In contrast to this enhancing effect on T cell-mediated immune response, N. sativa constituents have shown a tendency to down regulate B cell-mediated immunity. 27 , 28 In one study, treatment with N. sativa oil induced a 2-fold decrease in antibody production in response to typhoid vaccination as compared with control rats. 29 Accordingly, it is likely that N. sativa may enhance cellular immunity but suppress humoral immunity. 10 However, further studies are required to validate this hypothesis.

In vitro and in vivo studies indicate that the oil and the active constituents of N. sativa seeds possess anti-tumor effects. 10 , 29 , 30 , 31 Thymoquinone protected against induced hepatotoxicity in mice in vivo 20 and in rat hepatocytes. 23 A mixture containing kalanji seeds was protective against diethylnitrosamine-mediated carcinogenic changes in rat liver. 32 The constituents thymoquinone and alpha-hederin have demonstrated cytotoxic actions in human cell lines as well. 33

Animal data
Kalanji has inhibited stomach tumors in mice. 34 Topical application of kalanji and saffron delayed and reduced papilloma formations in mice. 35

Clinical data
There are no clinical data regarding the use of kalanji for cancer.

Anti-inflammatory and analgesia
Traditional use of kalanji as a poultice of ground seeds for inflammatory ailments such as rheumatism, headache, and certain skin conditions is supported by modern studies. A fixed oil preparation demonstrated anti-eicosanoid and antioxidant activity, supporting the seeds' use for anti-inflammatory actions. 17 Thymoquinone is a potent inhibitor of thromboxane B 2 and leukotriene B 2 through the inhibition of cyclooxygenase and lipoxygenase, respectively. 17 , 36

Animal data
Research in mice using various models of analgesia concluded that N. sativa oil has strong antinociceptive actions. 37 , 38 , 39 , 40 In addition, it is likely that N. sativa polyphenols are particularly beneficial in alleviating pain of inflammatory origin. 39 In another study, the effects of thymoquinone on acetic acid-induced colitis in rats showed that pretreatment for 3 days led to complete protection against colitis with a comparable effect to sulfasalazine. 41 It has long been observed that N. sativa oil has anti-inflammatory and analgesic properties: systemic and local administration of black cumin seed essential oil resulted in potent analgesic and anti-inflammatory effects in mice. 40 In another study in rats with induced arthritis, oral thymoquinone suppressed the markers of arthritis both clinically and radiologically. 42

Clinical data
There are no clinical data regarding the use of kalanji for inflammatory or pain states.

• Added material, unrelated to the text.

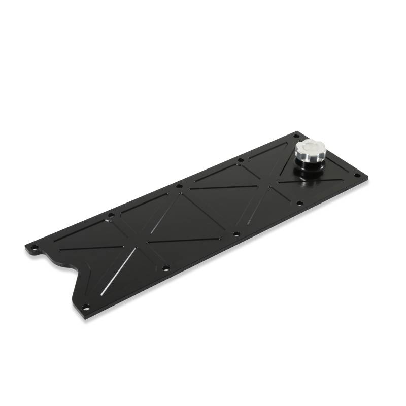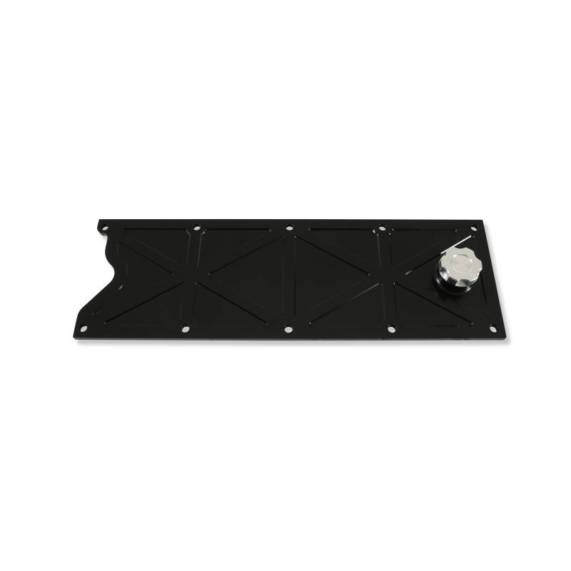 Holley's LS valley covers with oil fill provisions are the latest addition to our expansive lineup of LS engine dress up products. Machined from billet aluminum and featuring a modern, trussed design with an integrated oil fill neck and billet oil fill cap, these LS valley covers are the perfect upgrade for your LS engine if you are looking for a subtly custom touch. These valley covers are machined smooth on the underside, allowing for the elimination of Displacement-On-Demand (DOD), and instead features an ample gasket sealing surface and provisions for re-installing the oil pressure sensor if necessary.\nEach valley cover is custom machined for either LS1/LS6 (10 bolt) or LS2/LS3/LS7/LSX (11 bolt) patterns and Holley / Mr. Gasket offers all the necessary gaskets and upgraded hardware options to complete your installation. The new LS valley covers with oil fill provisions are available in three unique finishes: natural billet (clear anodized for protection), polished billet, and black anodized billet.

In a recent survey of plants used in the traditional treatment of hypertension and diabetes in southeastern Morocco, N. sativa was the plant most frequently used by medical herbalists and others. 3

Animal data
Treatment of streptozotocin-induced diabetic rats with N. sativa caused a decrease in elevated serum glucose, an increase in serum insulin concentrations, and partial regeneration or proliferation of pancreatic beta cells, causing an increase in insulin secretion. 31 , 43 , 44 , 45 , 46 , 47 In another study, N. sativa treatment of diabetic rats increased the area of insulin immunoreactive beta-cells, suggesting that N. sativa might be used as a safe and effective therapy for diabetes. 48

Clinical data
There are no clinical data regarding the use of kalanji for diabetic ailments.

In a survey of plants used in the traditional treatment of hypertension and diabetes in southeastern Morocco, N. sativa was the plant most frequently used by medical herbalists and others. 3

Animal data
Kalanji may decrease arterial blood pressure in rats, suggesting its use as an antihypertensive agent. 49 Thymoquinone is effective in protecting rats against N-nitro-L-arginine methyl ester (L-NAME)-induced hypertension and renal damage, perhaps via antioxidant activity. 50 It reduced the increase in systolic blood pressure induced by L-NAME in a dose-dependent manner. 50

Clinical data
There are no clinical data regarding the use of kalanji for hypertension.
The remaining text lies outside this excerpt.